The bad news:
The beginning of any project in knitting or crochet is usually the hardest part. So is learning almost any technique, or even learning to knit or crochet in the first place. In knitting, casting on is the most awkward part, and one usually needs to learn how several times before it sticks. The first row is also usually difficult to work into. Joining in the round, especially when double pointed needles are involved, is also a pain to learn, especially if the yarn is slippery. In crochet, the basic movements that make up the entire craft are involved in the foundation chain, making it perhaps the most important thing to learn. And it often takes a lot of practice to learn how to do that loosely and evenly enough for the first row to work nicely.
Whenever one works in the round or learns a new pattern stitch, it takes several rows before the work looks like anything recognizable in either craft. The line between project and tangle is thin, indeed.
As has been discussed in the recent interest in foundation stitches in crochet, they too are difficult to learn, and for the same reason. It is difficult, in the beginning, to see whether the work looks like a mess because it is right or because it is wrong. I will make a post on that in a few days.
The good news:
In this culture, we often start learning new things with easy stuff. Once the easy stuff is mastered, we learn things that are progressively more difficult. Needle arts are not like that. Once the basic concepts are mastered, the apparently hard stuff turns out to be variations on the original theme. In other words, if you can figure out the hard stuff in the beginning, you can do almost anything.

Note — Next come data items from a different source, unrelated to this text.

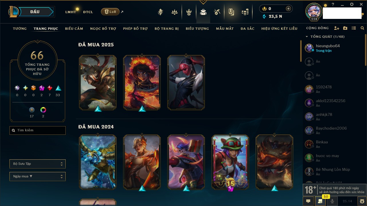 Rank Đơn: Vàng IIIKhung: VàngTướng: 171 - Còn 88128 THXTrang Phục: 329Rank ĐTCL: Chưa RankLinh Thú: 41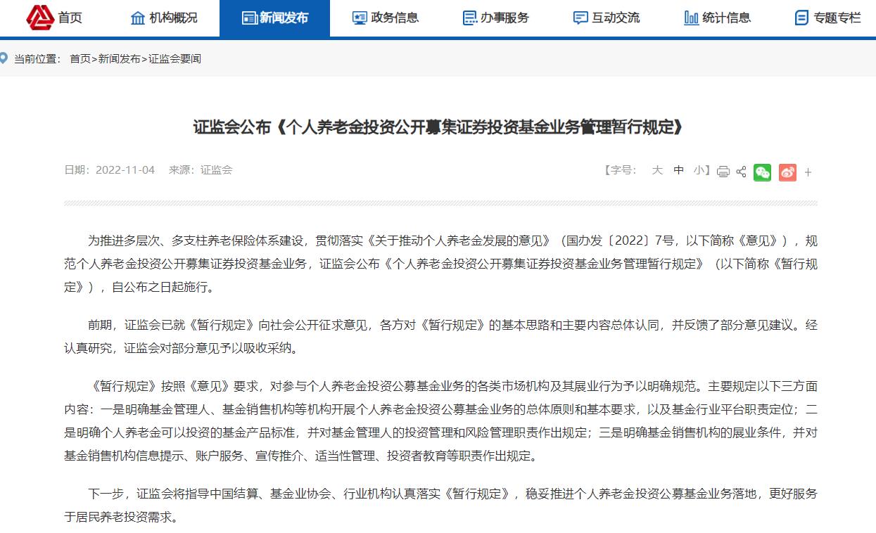 消息面11月4日,人力資源社會(huì)保障部、財(cái)政部、國(guó)家稅務(wù)總局、銀保監(jiān)會(huì)、證監(jiān)會(huì)聯(lián)合發(fā)布《個(gè)人養(yǎng)老金實(shí)施辦法》后,證監(jiān)會(huì)發(fā)布《個(gè)人養(yǎng)老金投資公開(kāi)募集證券投資基金業(yè)務(wù)管理暫行規(guī)定》(以下簡(jiǎn)稱《暫行規(guī)定》),自公布之日起施行。 ...>>詳情
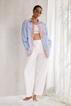Блузка полуприлегающего силуэта. Застёжка по переду потайная на петли и пуговицы. По планке переда - вышивка. Воротник рубашечный. Рукав прямой на манжете. Манжета с застёжкой на петлю и пуговицу.

So, if you knit, and you want to learn how to make lace or cables, don't let the appearance of the finished product intimidate you. Yes, they are more awkward than just knitting or just purling. And, yes, it is difficult to keep track of your rows. But they are just variations on knitting and purling. The former makes increases and decreases in a specific pattern, so if you've made a hat with decreases at the top and something else that involves increases, lace won't be that hard. The latter, despite the extra needle, is exactly the same as knitting, it just knits the stitches out of order.
If you crochet, the major hurdle is learning how to look at your work and see where one stitch begins and ends. Once you are comfortable with identifying a double crochet versus a single crochet and each stitch as its own thing, you can do anything. In the case of foundation double crochet, to use the recent topic of interest, if you are really comfortable with chain stitch and what that looks like, and really comfortable with double crochet and what that looks like, then it's not so hard to combine the two in a useful way.
You've pedaled all the way up the hill, now you can coast.